Step 1: Download the DVID system

First, download the DVID packaged tarball file (168 MB, preconfigured for this dataset) and untar it:

% tar xjvf hemibrain-dvid.tar.bz2

If you download through the browser, it's possible it will automatically uncompress the file and you'll already have a tar file without the bz2 extension. When untarring the file, you may get Ignoring unknown extended header keyword errors if you are on Ubuntu. That's OK and is just extra Mac tar file data that can be ignored.

Within the untarred directory hemibrain-dvid is a configuration file hemibrain-release.toml. This configuration assumes you are downloading the databases to a sibling directory databases like the following directory structure:

/mydir
/databases
/hemibrain-dvid (directory containing the untarred dvid release)
hemibrain-dvid.tar.bz2

If you choose to store the databases at different locations, edit hemibrain-release.toml to point to the appropriate directories. This will also allow you to distribute the databases to different disk drives. We recommend using NVMe SSD drives due to their exceptional performance.
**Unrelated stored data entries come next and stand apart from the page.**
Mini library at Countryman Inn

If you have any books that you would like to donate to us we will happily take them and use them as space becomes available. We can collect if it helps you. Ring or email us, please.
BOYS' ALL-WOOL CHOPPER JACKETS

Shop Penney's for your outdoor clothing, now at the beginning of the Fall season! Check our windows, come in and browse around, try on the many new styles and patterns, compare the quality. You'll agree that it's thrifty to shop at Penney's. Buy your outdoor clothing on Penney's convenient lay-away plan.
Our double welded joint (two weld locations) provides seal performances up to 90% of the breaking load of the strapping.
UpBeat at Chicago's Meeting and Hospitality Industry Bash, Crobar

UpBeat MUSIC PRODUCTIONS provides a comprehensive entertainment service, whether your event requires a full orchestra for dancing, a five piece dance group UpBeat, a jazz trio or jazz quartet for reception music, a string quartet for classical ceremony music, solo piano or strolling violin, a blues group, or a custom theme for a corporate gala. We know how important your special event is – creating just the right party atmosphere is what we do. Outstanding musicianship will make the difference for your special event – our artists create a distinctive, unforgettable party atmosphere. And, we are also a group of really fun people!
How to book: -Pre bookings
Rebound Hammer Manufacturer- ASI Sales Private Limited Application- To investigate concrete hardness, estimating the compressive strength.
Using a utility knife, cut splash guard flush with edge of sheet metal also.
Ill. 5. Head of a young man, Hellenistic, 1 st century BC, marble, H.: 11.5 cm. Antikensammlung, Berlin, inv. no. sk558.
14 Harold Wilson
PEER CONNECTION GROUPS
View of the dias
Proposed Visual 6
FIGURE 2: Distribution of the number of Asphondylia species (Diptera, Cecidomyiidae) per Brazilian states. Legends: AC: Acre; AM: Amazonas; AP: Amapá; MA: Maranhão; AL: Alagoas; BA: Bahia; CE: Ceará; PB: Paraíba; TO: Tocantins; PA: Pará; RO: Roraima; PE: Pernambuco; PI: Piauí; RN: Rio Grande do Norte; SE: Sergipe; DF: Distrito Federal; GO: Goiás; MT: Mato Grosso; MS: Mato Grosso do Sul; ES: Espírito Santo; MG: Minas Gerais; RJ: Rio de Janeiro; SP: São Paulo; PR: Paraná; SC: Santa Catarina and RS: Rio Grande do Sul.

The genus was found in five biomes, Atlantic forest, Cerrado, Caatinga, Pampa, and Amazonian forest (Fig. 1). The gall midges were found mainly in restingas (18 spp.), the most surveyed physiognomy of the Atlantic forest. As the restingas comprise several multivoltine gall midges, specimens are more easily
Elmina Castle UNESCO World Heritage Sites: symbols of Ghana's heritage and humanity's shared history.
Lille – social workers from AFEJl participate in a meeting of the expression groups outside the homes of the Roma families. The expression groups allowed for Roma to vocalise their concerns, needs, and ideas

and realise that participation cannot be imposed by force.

If you are also running a grayscale dvid server, you must change the ports on either that one or this dvid server since both are by default using ports 8000 and 8001. For example, change the grayscale dvid server TOML file to use ports 9000 and 9001 then restart that server. You will then be able to access the grayscale image volume on port 9000 and all the other reconstruction data on port 8000.
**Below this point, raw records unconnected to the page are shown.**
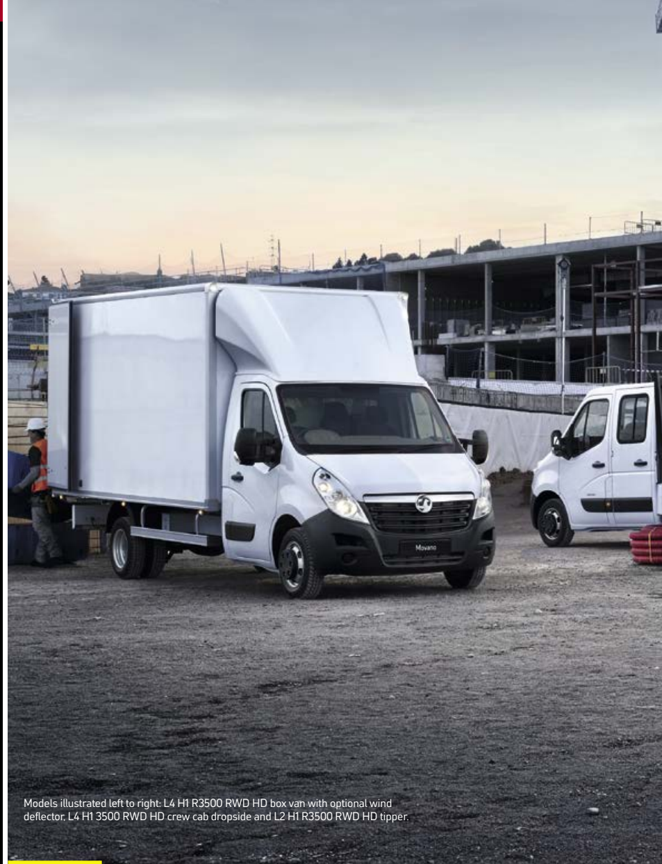
Models illustrated left to right: L4 H1 R3500 RWD HD box van with optional wind deflector, L4 H1 3500 RWD HD crew cab dropside and L2 H1 R3500 RWD HD tipper.

Besides the factory-based conversions there's a range of Vauxhall approved specialist conversions available across our commercial vehicle range too. From Combo through to the Vivaro and Movano ranges, there's an enormous breadth of choice to suit your exact requirements. And whichever model you choose, you can be confident your Vauxhall commercial vehicle will always be 100% fit for purpose.
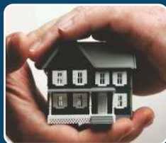
After Sales Service
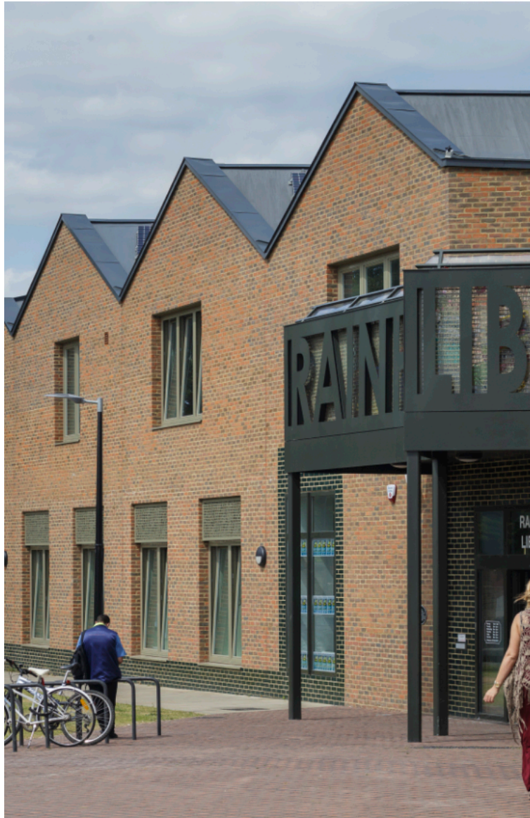
Rainham Library, Maccreanor Lavington Architects

Step 2: Download the databases that you need

Our original databases have data at 50+ timepoints, but for this release, we've reduced the data to three versions: one of the earliest versions in 2018, an intermediate version after revising the synapses, and the final version published as part of our Hemibrain release. This brings down the size of the databases to 1.2 TB. You can choose which of the databases you'd like to download (segmentation, other labelmaps, synapses, meshes, etc). If you choose not to download a database, the data from that database won't be available but the DVID system will still work.

The databases are available in the following Google Cloud Storage bucket: gs://hemibrain-dvid-segmentation/databases

We suggest using the Google gsutil tool: https://cloud.google.com/storage/docs/gsutil

Create a databases directory that is a sibling of the untarred DVID package, then download the databases you want. The following commands assume you are in the directory you downloaded the DVID packaged tarball file.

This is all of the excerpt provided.